Aggarwal's comments were echoed in a "non-CAS city" like Pune as well. Sudhakar Velankar, president of Grahak Panchayat, a Pune-based consumer forum, welcomed the Trai diktat saying, “We are in active negotiation with the MSOs to voluntarily adopt CAS for the consumers' benefit.”

Meanwhile, independent cable operators in non-CAS areas have slowly started realizing that low prices in notified areas would result in disparity in pricing, leading to discontent amongst general consumers.

Cable Operators’ Federation of India president Roop Sharma today said that a meeting has been scheduled next week with Trai chairman Nripendra Misra, wherein a demand for extending the CAS regime to other areas would be made.

“Prices in non-CAS areas too, need to be regulated and lowered and this would be our agenda at the meeting with the Trai chairperson,” says Sharma, adding that her organization would speak on the behalf of small cable operators in non-CAS areas.

That independent cable ops in non-CAS areas are making demands for pay channels to lower their prices is evident from what several broadcasters said today.
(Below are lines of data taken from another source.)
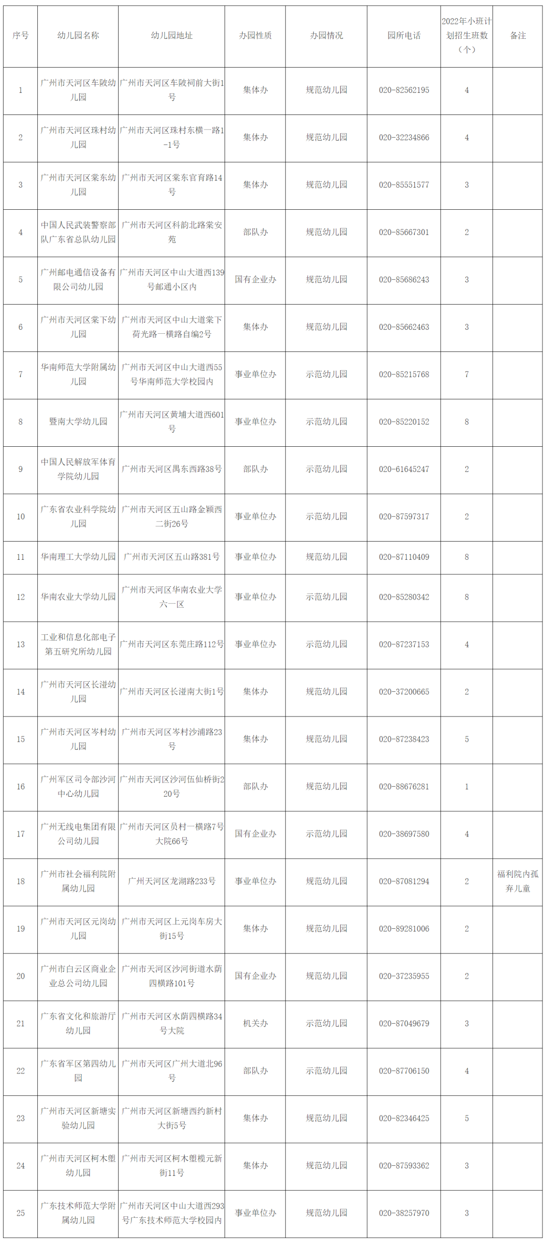 2022年天河区其他部门办幼儿园对外信息表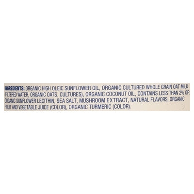 INGREDIENTS: Organic High Oleic Sunflower Oil, Organic Cultured Whole Grain Oat Milk (Filtered Water, Organic Oats, Cultures), Organic Coconut Oil, Contains Less than 2% of: Organic Sunflower Lecithin, Sea Salt, Mushroom Extract, Natural Flavors, Organic Fruit and Vegetable Juice (Color), Organic Turmeric (Color).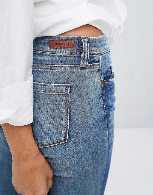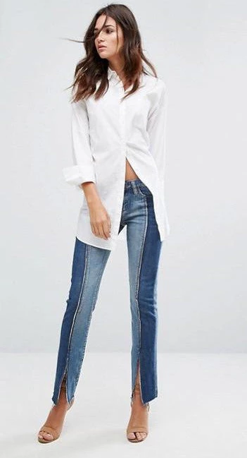 Take a walk on the wild side in Blanc’s Miss Matched Skinny Jean. These amazing denim pants feature a low rise waist, zip fly, contrast leg panels, exposed seams, and front splits. The skinny fit jean is unique and perfect for any occasion.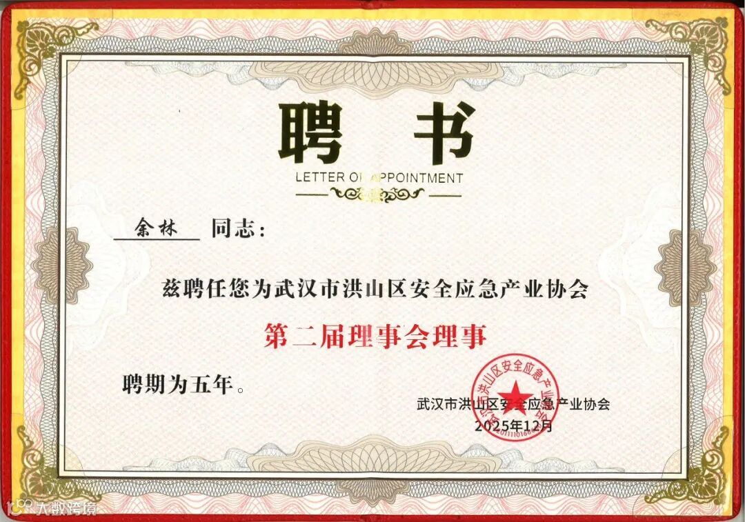与此同时,公司执行总经理余林同志凭借其在安全应急领域的专业能力和突出贡献,光荣当选为武汉市洪山区安全应急产业协会第二届理事会理事。这不仅是对余林同志能力的嘉许,也是协会对我司行业地位与影响力的充分认可。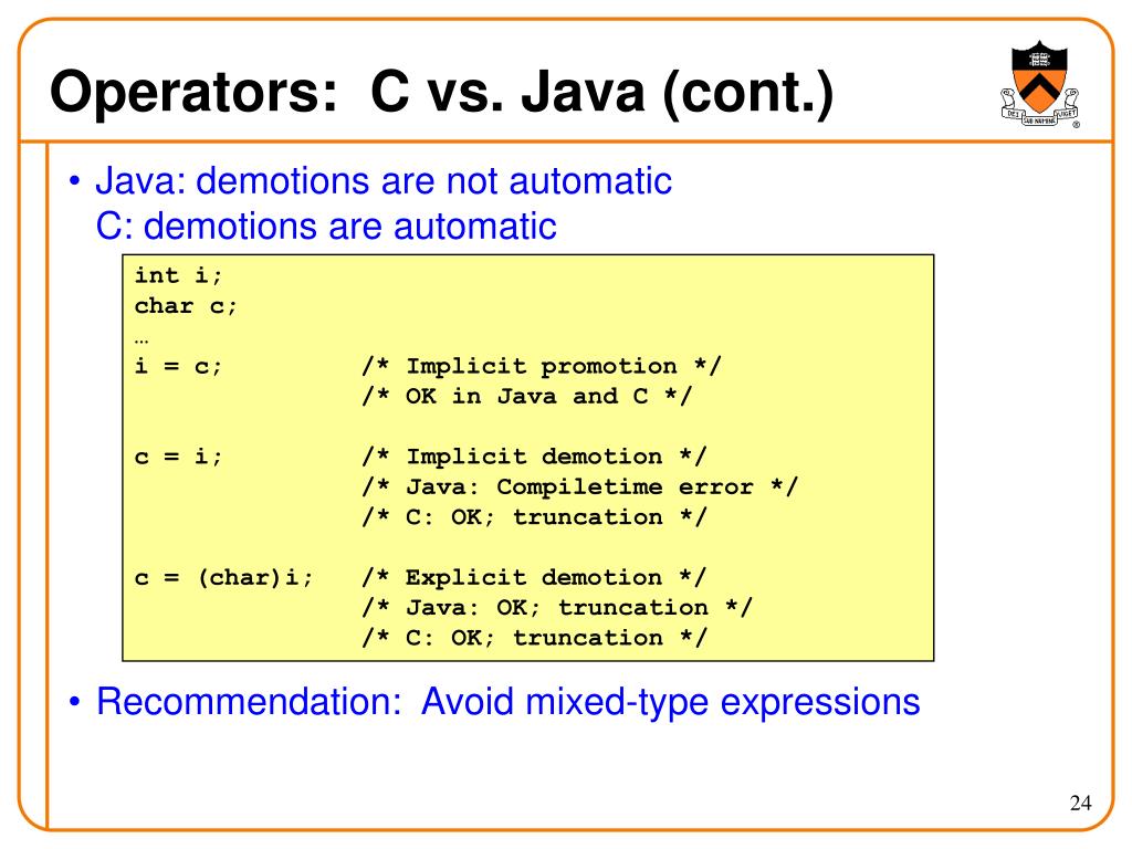 Operators: C vs. Java (cont.) • Java: demotions are not automaticC: demotions are automatic • Recommendation: Avoid mixed-type expressions int i; char c; … i = c; /* Implicit promotion */ /* OK in Java and C */ c = i; /* Implicit demotion */ /* Java: Compiletime error */ /* C: OK; truncation */ c = (char)i; /* Explicit demotion */ /* Java: OK; truncation */ /* C: OK; truncation */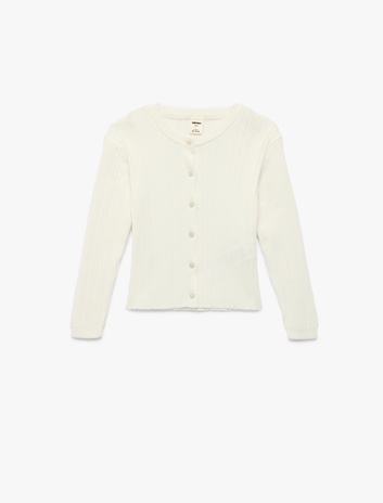 Kız Bebek Uzun Kollu Bisiklet Yaka Modal Karışımlı Dokulu Düğmeli Triko Hırka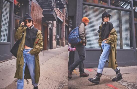 范冰冰近日為雜志擔(dān)任模特,向來都走霸氣女王路線的她,難得以一身男孩子氣的中性裝扮現(xiàn)身,短版帽T配上寬松破洞牛仔褲,外面再穿上一件風(fēng)衣外套,被許多粉絲大贊:“比李晨還要帥了!”雖然高領(lǐng)上衣遮住脖子,卻更突顯她的巴掌小臉,許多女粉絲大呼羨慕。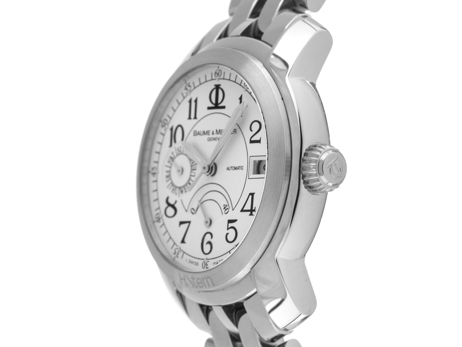 Gehäuse Edelstahl poliert, Gehäusedurchmesser ohne Krone 39mm, Gehäusehöhe 13,2mm. Lünette Edelstahl glatt e sateniert. Bracciale Edelstahl poliert, Doppelfaltschließe Edelstahl verdeggiante. Zifferblatt weiß con Ziffern e Indexen arabi in bianco e Zeigern in Edelstahl. Orologio automatico, calibro ETA 2892A2. Anzeige von Stunde, Minute und Sekunde über Zeiger aus der Mitte, mit Sekundenstopp zur sekundengenauen Einstellung der Uhrzeit, Datumsanzeige mit Schnellverstellung bei 3 Uhr, Wochentagsanzeige über Zeiger bei 9 Uhr. Gangreserveanzeige bei 6 Uhr. Saphirglas kratzfest e gewölbt. Krone con logo dell'azienda. Corpo Edelstahl graveert e verschraubt. Peso del bracciale 164 g, lunghezza del bracciale 205 mm. Numero di riferimento: 65417, Baujahr: 2002, ID: KRE4820425RE, Artikelnummer: 10000079539. Con Gangkontrolle e una completa lavorazione a partire da marzo 2025. Scatola originale Baume & Mercier e carta di garanzia senza data e descrizione, set completo. Superschnäppchen, sehr seltenes Sammlerstück, fast nicht getragen. Come nuovo. Limitato a 60 esemplari. Lieferzeit sofort.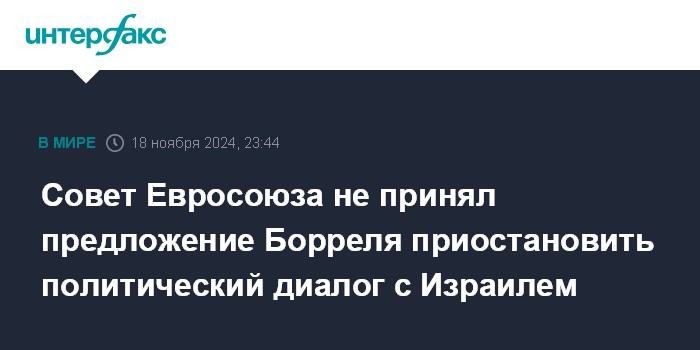 Москва. 18 ноября. INTERFAX.RU - Министры иностранных дел Евросоюза (ЕС) не одобрили предложение о приостановке политического диалога с Израилем, сообщил глава дипломатии ЕС Жозеп Боррель.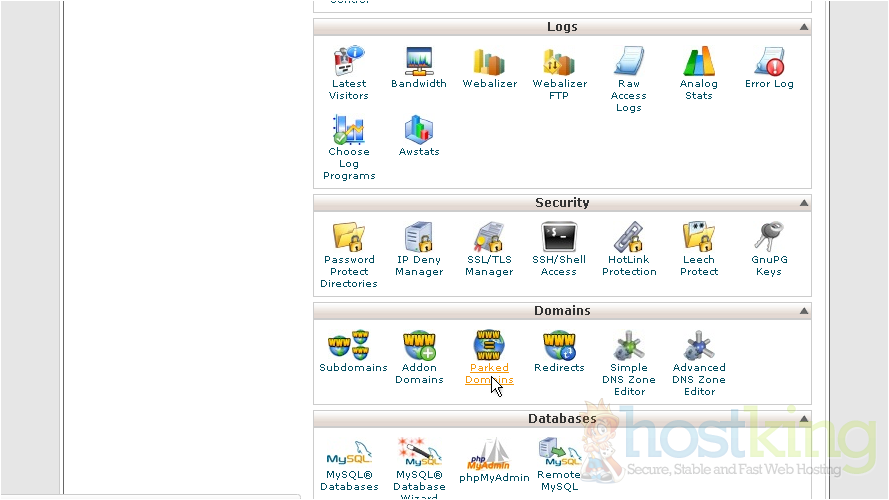 1) Click the Parked Domains icon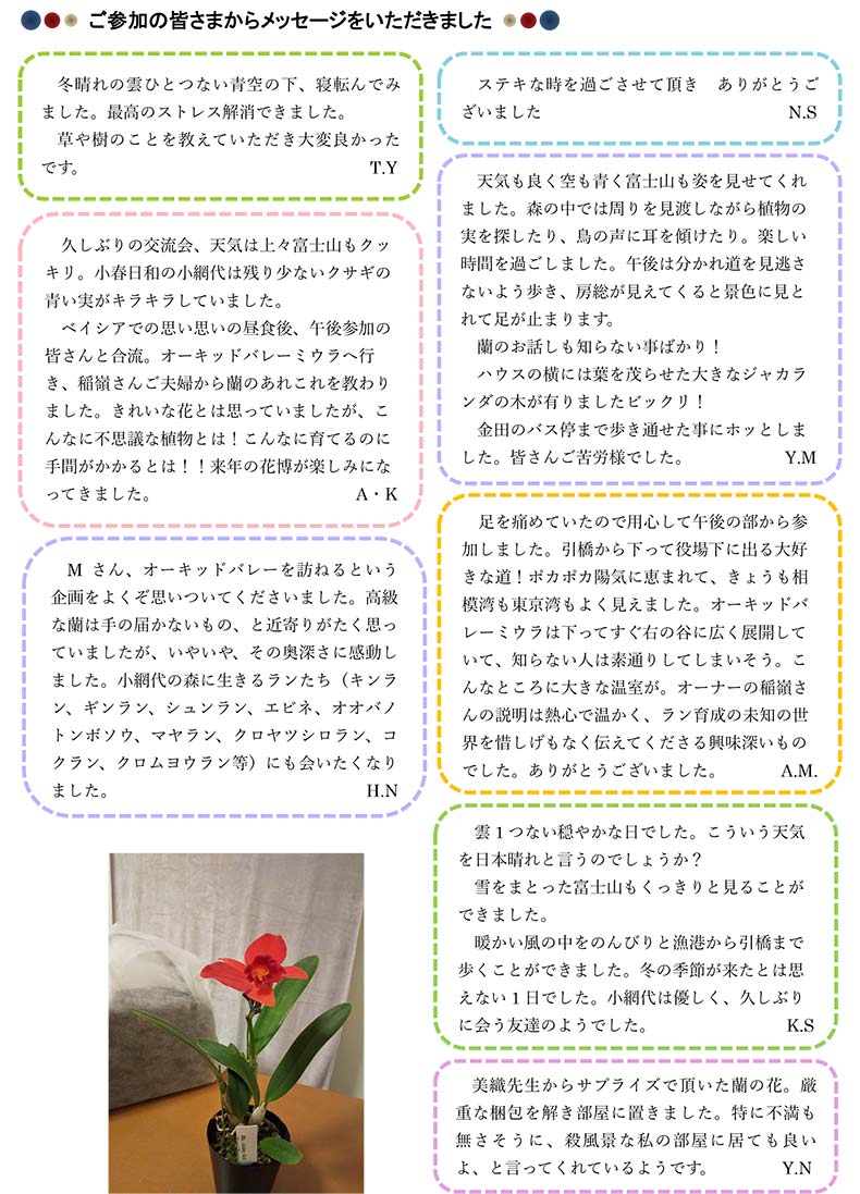 綺麗な蘭の花を咲かせるまでの苦労とかかった時間、そこに対応する稲嶺さんのご一家、一筋に蘭を追い続ける姿勢に感銘をうけた参観者の私たちは今度から蘭の花を唯単に綺麗だとだけ見ないと思う。その奥深さを、生産者への畏敬の念を込めて。最後にここで購入した蘭に困ったら相談してね。と渡された名刺にこの道に取り組んできた稲嶺夫妻の自信を感じてなぜかほっとした筆者なのだ。
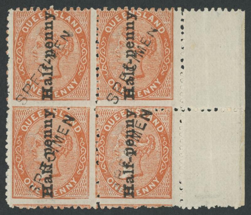1880 QV First Sidefaces Surcharge 'Half-penny' on 1d reddish-brown Die I SG 151 marginal block of 4 from the right of the sheet, each unit with diagonal 'SPECIMEN' handstamp in black, characteristic rough perfs, large-part gum & the lower units are unmounted. A rare multiple. Ex Bernie Manning: sold for $845 (Sale 146 Lot 1049). (Image1)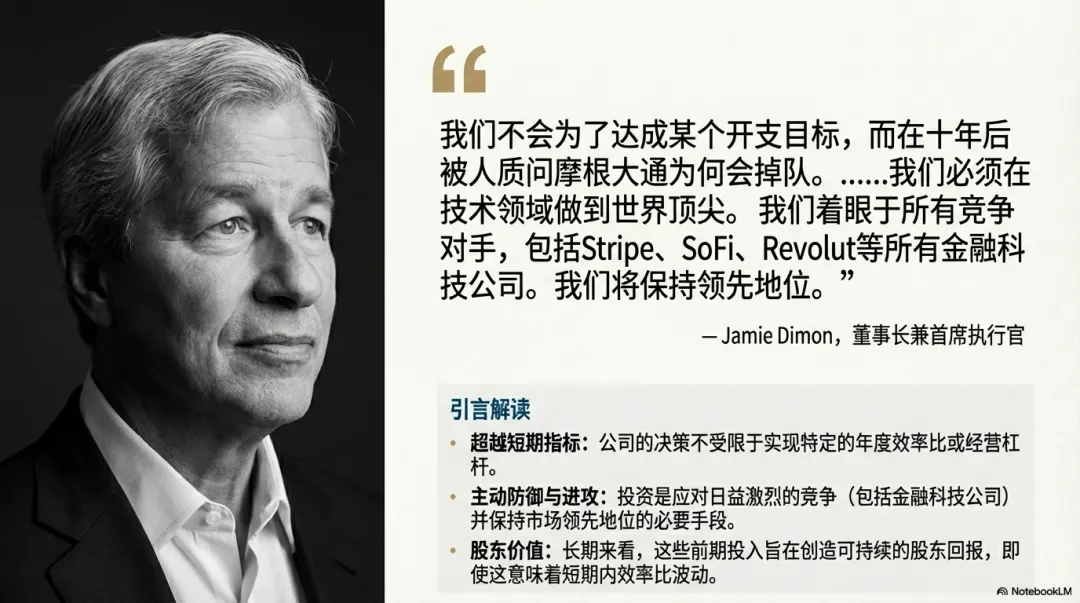 更值得玩味的是管理层对“竞争对手”的重新定义:他们不只盯着传统大行,还把 Stripe、SoFi 等金融科技公司摆上了同一张竞争地图。甚至明确表达了不希望十年后被追问“当年为何掉队”的担忧。对摩根大通而言,这笔额外投入本质上是购买一张通往未来的保险单,或者说一张领先门票:用今天赚到的钱,为明天的竞争准备弹药。

“I have got several calls from cable operators saying that we should shed our channel prices to bring them at par with Trai stated prices for CAS areas,” a broadcaster, controlling several pay entertainment channels, said.

In Mumbai, Cable Operators & Distributors Association (Coda) president Ganesh Naidu says he wants CAS to be pushed not just in Mumbai but also across India. According to Naidu, “The new rates issued by Trai should be awarded to all consumers, rather than just restricting it only to certain sections of society. Unlike in the past, we are fully in support of CAS now that there is à la carte pricing of pay channels (something the cable fraternity has long been asking for).”

Simultaneously, a divided broadcasting community is trying to come to terms with the “ridiculously low” prices.

A sports broadcaster admitted that amongst the several options there is also one that envisages non-supply of its channels in CAS areas if the government refuses to budge on the Rs 5 per subscriber for any ay channel diktat.

“It’s a fundamental decision to be taken. There is certainly an option to let go of the CAS notified areas and suffer the loss rather than bear the ignominy of investing huge amounts of money in programming and getting paid peanuts as subscription, which would upset the whole business model,” the broadcaster said.

Still, the regulator feels such threats could only be addressed when it finally becomes a reality. “Trai would address the issue (of blackout of pay channels in CAS areas) when it is brought to it. Till now, no broadcaster has told us that it will switch off channels in CAS areas,” a Trai official told Indiantelevision.com.

There are valid reasons for the Trai official being so sanguine about the "blackout threat". According to another broadcast executive Indiantelevision.com spoke to, non-supply of channels "is not an option". The executive pointed out that the new downlink policy allowed the government enough powers to cancel the broadcast licence of anyone it deemed as being out of line.

So what are the options before the broadcasters? There are only two, he says. "Accept the Trai diktat or else fight it out in court." No prizes for guessing the course the channels will be taking.